By Lyndsie Kiebert-Carey
Reader Staff
Just over a year since the release of her book, Pushed Out: Contested development and rural gentrification in the U.S. West, Montana-born, North Idaho-raised author and University of Idaho sociologist Ryanne Pilgeram is still in awe of the enthusiastic response her work has received.
“I just can’t believe it,” she said. “I pinch myself.”
Sharing that work has proven to be an ongoing and exciting process, which continues this weekend as Pilgeram gives an author talk at the Sandpoint Library (1407 Cedar St.) on Saturday, Sept. 10 from 11 a.m. to noon. She will give a presentation on rural gentrification — that is, “commodification of space and displacement of residents” in rural areas, according to Rina Ghose, one of the scholars cited in Pushed Out — followed by a Q-and-A session.
The book uses Dover as a case study for what happens when a community’s traditional economic base collapses. Pilgeram’s work explores the question: “When new money comes in, who gets left behind?”
“The timing of this project could not have been more perfect,” Pilgeram said, noting that the housing market woes that many Western communities are currently facing — largely due to pandemic-prompted in-migration — has contributed to the eagerness to understand rural gentrification.
Pilgeram said she has been fortunate to see Pushed Out prompt conversations in communities where this phenomenon is an increasing threat as high-dollar development seems to be guiding the future.

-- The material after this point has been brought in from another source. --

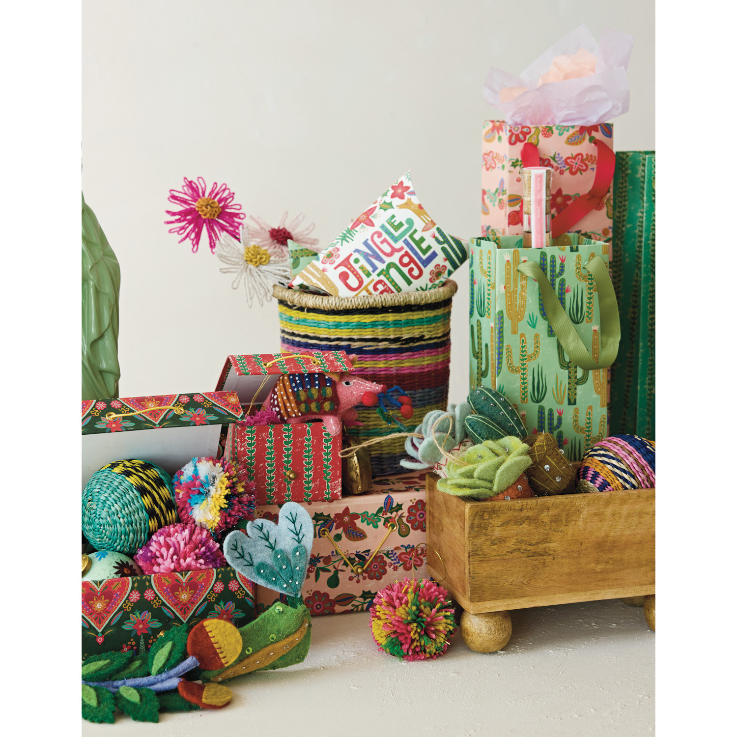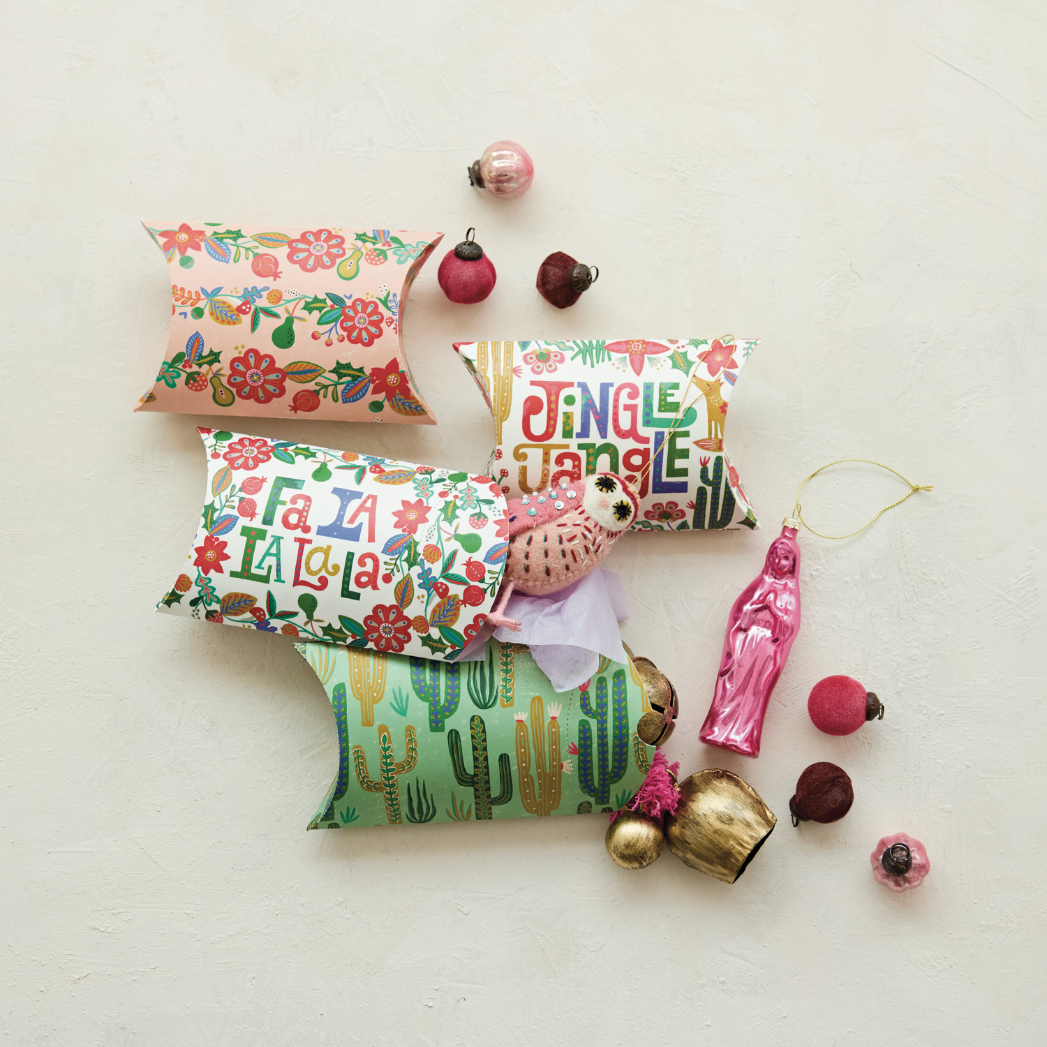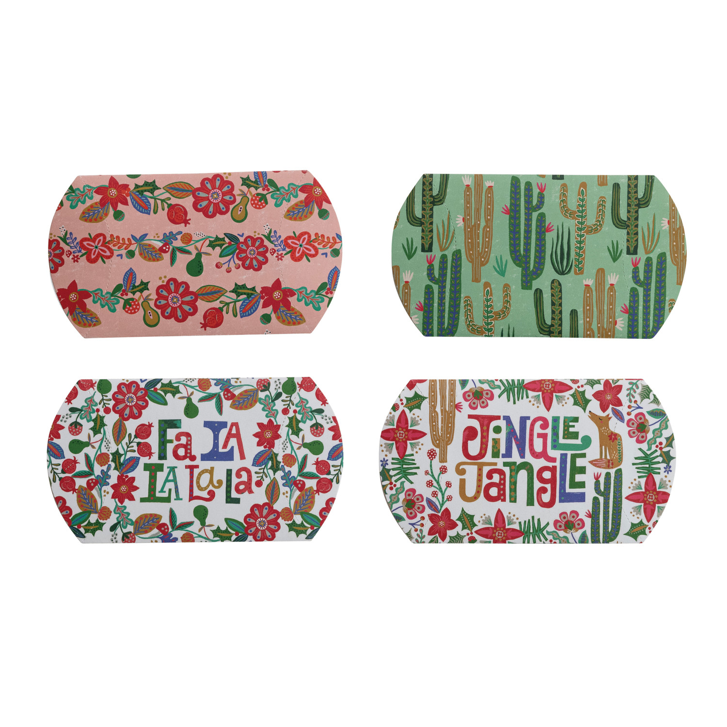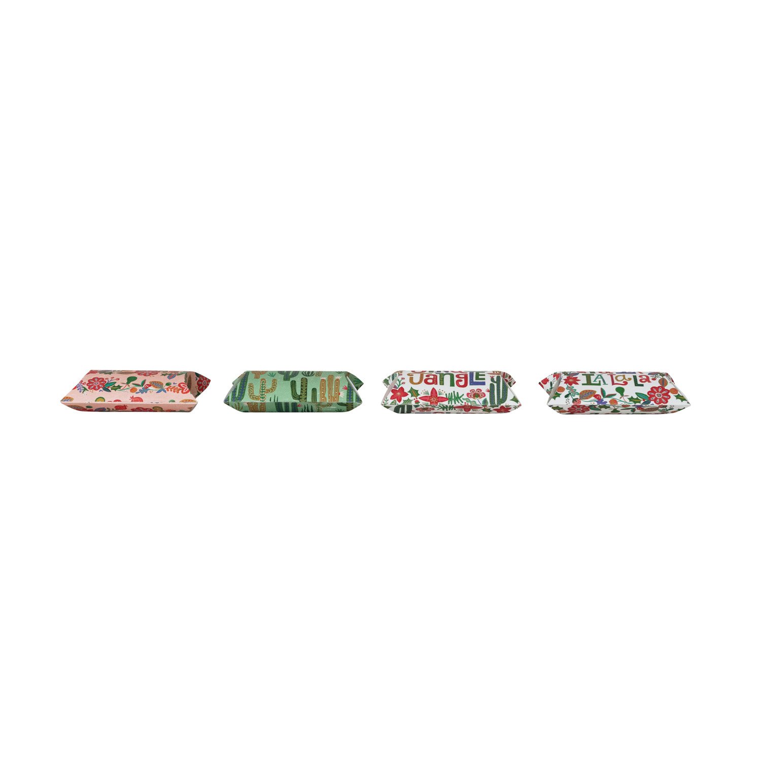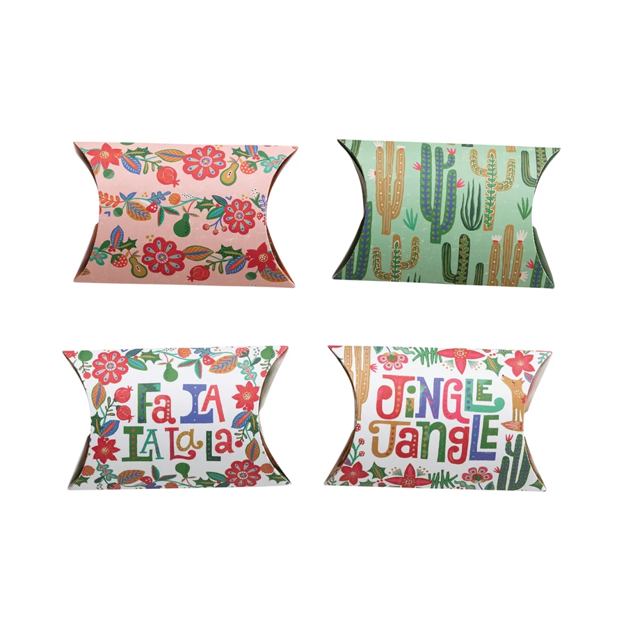 Catalog Name: 6-3/4"L x 4-1/4"W x 1-1/2"H Handmade Printed Recycled Paper Pillow Gift Box w/ Seasonal Pattern & "Fa La La La La"/"Jingle Jangle", Multi Color, 4 Styles ©

“When you’re writing, you’re all alone, and you’re not sure if all this work is going to amount to anything,” she said. “Then, when I give presentations, people say, ‘You are bearing witness to my experience and that makes me feel less alone in the world.’
“When things are resonating, that’s when people find each other, and that’s how we start to envision different futures,” she added. “There’s a spark in those moments of working together.”